Film on ne peut plus bavard sur le deuil et ses soi-disants non-dits, Drive my car avait raflé tous les prix que comptent les céré­mo­nies pour cinéma d’au­teur mondia­lisé, à commen­cer par l’Os­car du meilleur film étran­ger. Le nouvel opus de Ryûsuke Hama­gu­chi a au moins un mérite : il dure une heure de moins (2h au lieu de 3), pour trois histoires courtes autour de trois femmes « étranges » en pleine bles­sure d’amour : la première qui découvre la « magie « de la rela­tion nais­sante de sa copine avec son ex ; la deuxième qui pratique l’éro­tisme litté­raire à distance, « la porte ouverte« , avec une prédi­lec­tion pour la mastur­ba­tion ; la troi­sième qui retrouve « encore une fois » sur un esca­la­tor la seule femme qu’elle ait vrai­ment aimée, en décou­vrant les « prénoms non genrés » (sic) de ses enfants…

La porte ouverte, deuxième segment des Contes du hasard.

Je suis venue te dire que je m’en vais

Comme dans Drive my car qui débu­tait par une rela­tion trouble et sensuelle avant de sombrer dans les situa­tions les plus conve­nues, c’est la première histoire qui est ici la plus inté­res­sante : passé un dialogue inter­mi­nable en voiture qui devient déci­dé­ment la marque de fabrique de Hama­gu­chi, les retrou­vailles jalouses d’une jeune mannequin avec son ex (Ayumu Nakajima, l’ac­teur le plus inté­res­sant du film), apporte au moins un peu de piment et de relief véné­neux à un film qui va passer son temps à faire se croi­ser arti­fi­ciel­le­ment des person­nages qui, eux, passent leur temps à fuir toute rela­tion.
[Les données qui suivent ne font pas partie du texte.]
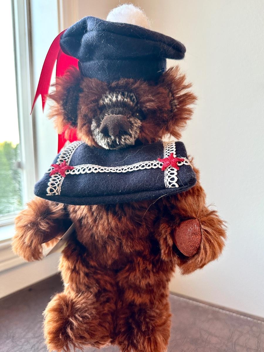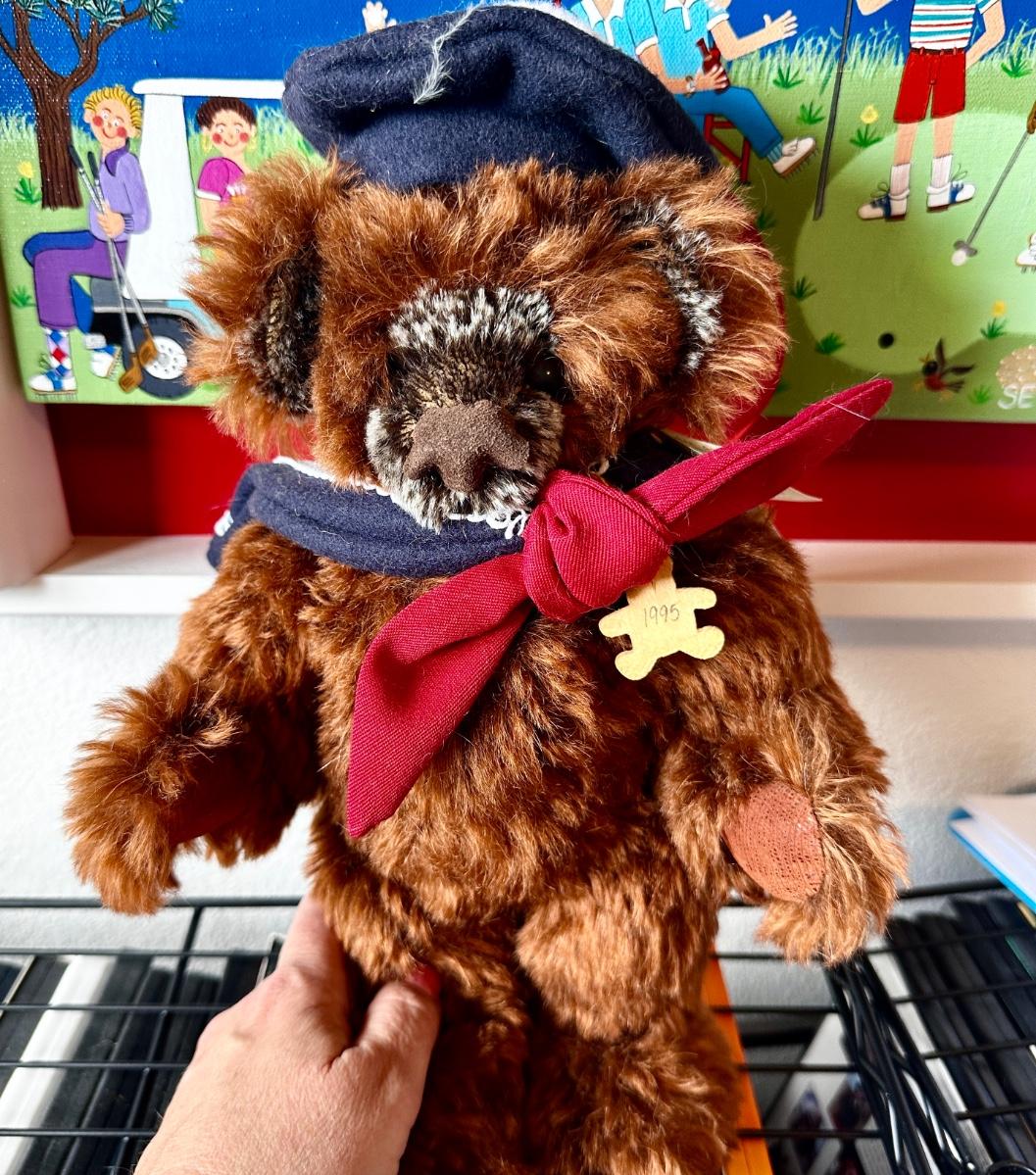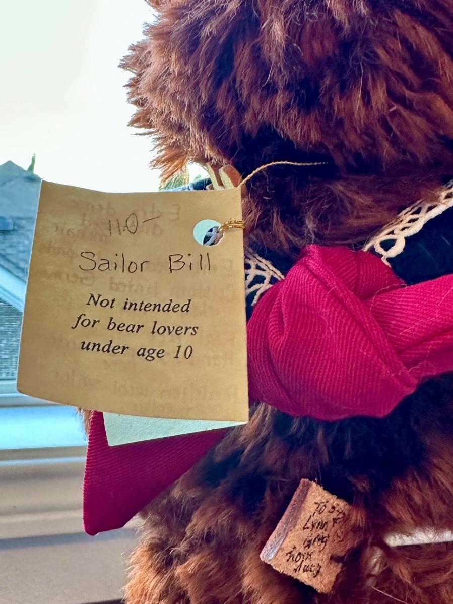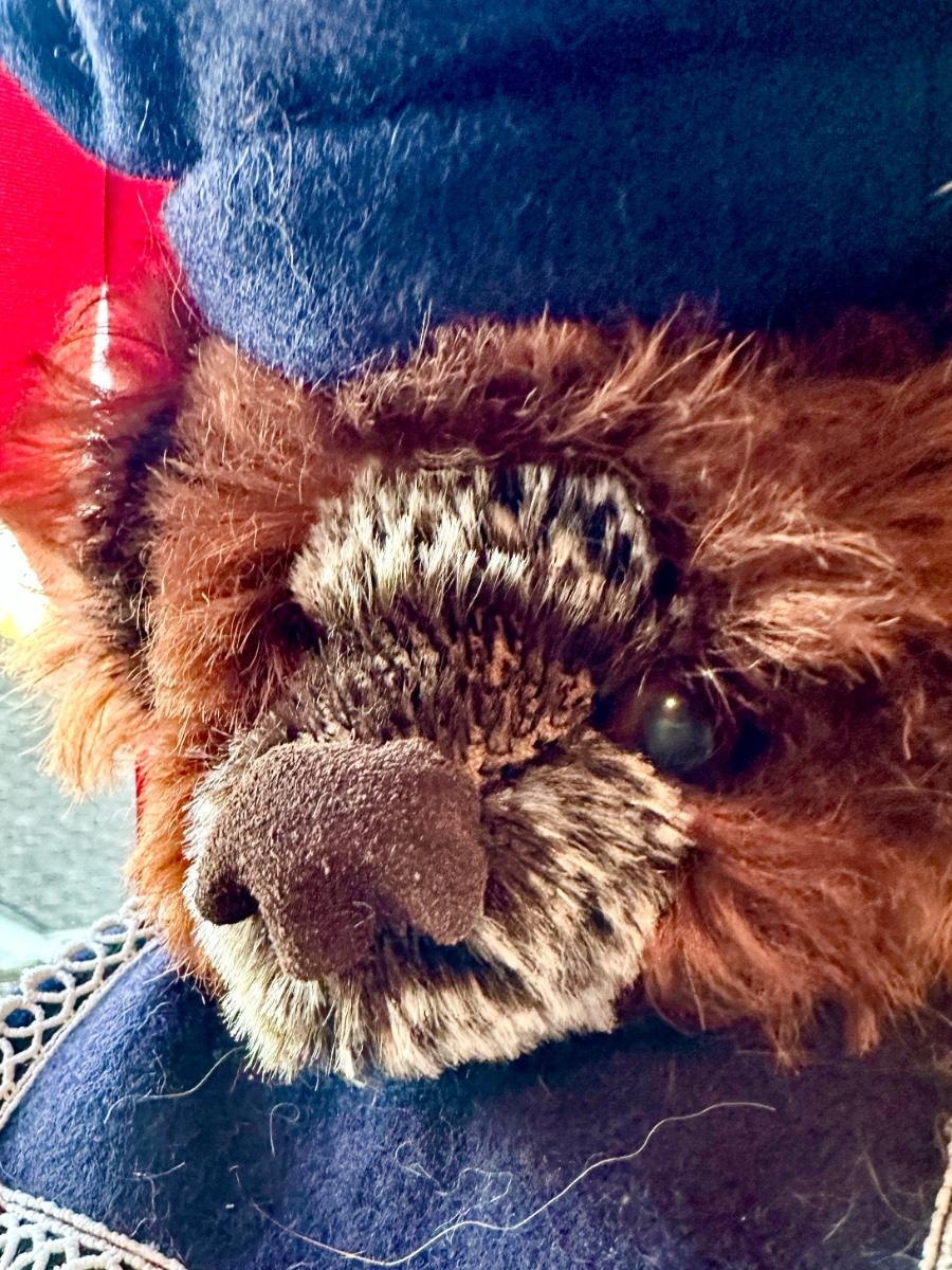 extra-dense distressed mohair, embossed sued pads, custom tinted, German glasss eyes, flat feet, hand-sculpted, sued nose, Pendleton wool sailor cap + collar.10"

Kotone Furu­kawa et Ayumu Nakajima dans Magique ?, le premier segment des Contes du hasard.

Le cinéaste le plus sures­timé du moment ?

Cette suite de plans moyens banals et fran­che­ment pas inspi­rés a plus à voir avec un télé­film de luxe qu’a­vec Eric Rohmer dont Hama­gu­chi se réclame pares­seu­se­ment. Rappe­lons que Rohmer confron­tait l’idéal clas­sique et une forme litté­raire du langage à la contem­po­ra­néité du cinéma, avec un soin maniaque pour les paysages, la topo­gra­phie et la véra­cité de l’époque ; en usant du hors-champ et de l’in­vi­sible (L’Amour l’après-midi n’aura pas lieu, et La Femme de l’avia­teur n’existe pas).

Rien de tout cela ici. Qu’un bavar­dage de fuite indé­cis. Le hasard est même surli­gné, par exemple, en faisant repas­ser trois fois sur l’es­ca­la­tor ses deux prota­go­nistes (sic), pour assé­ner des bana­li­tés que seule une psycho­thé­ra­pie pour­rait éven­tuel­le­ment rendre utiles. C’est d’ailleurs ce que conseille inci­dem­ment un des person­nages fémi­nins du film. On ne saurait mieux dire.

Contes du hasard et autres fantai­sies de Ryûsuke Hama­gu­chi (Guzen to sozo, Jap, 2h01) avec Kotone Furu­kawa, Ayumu Nakajima, Hyunri, Katsuki Mori, Fusako Urabe, Aoba Kawai… Sortie le 6 avril.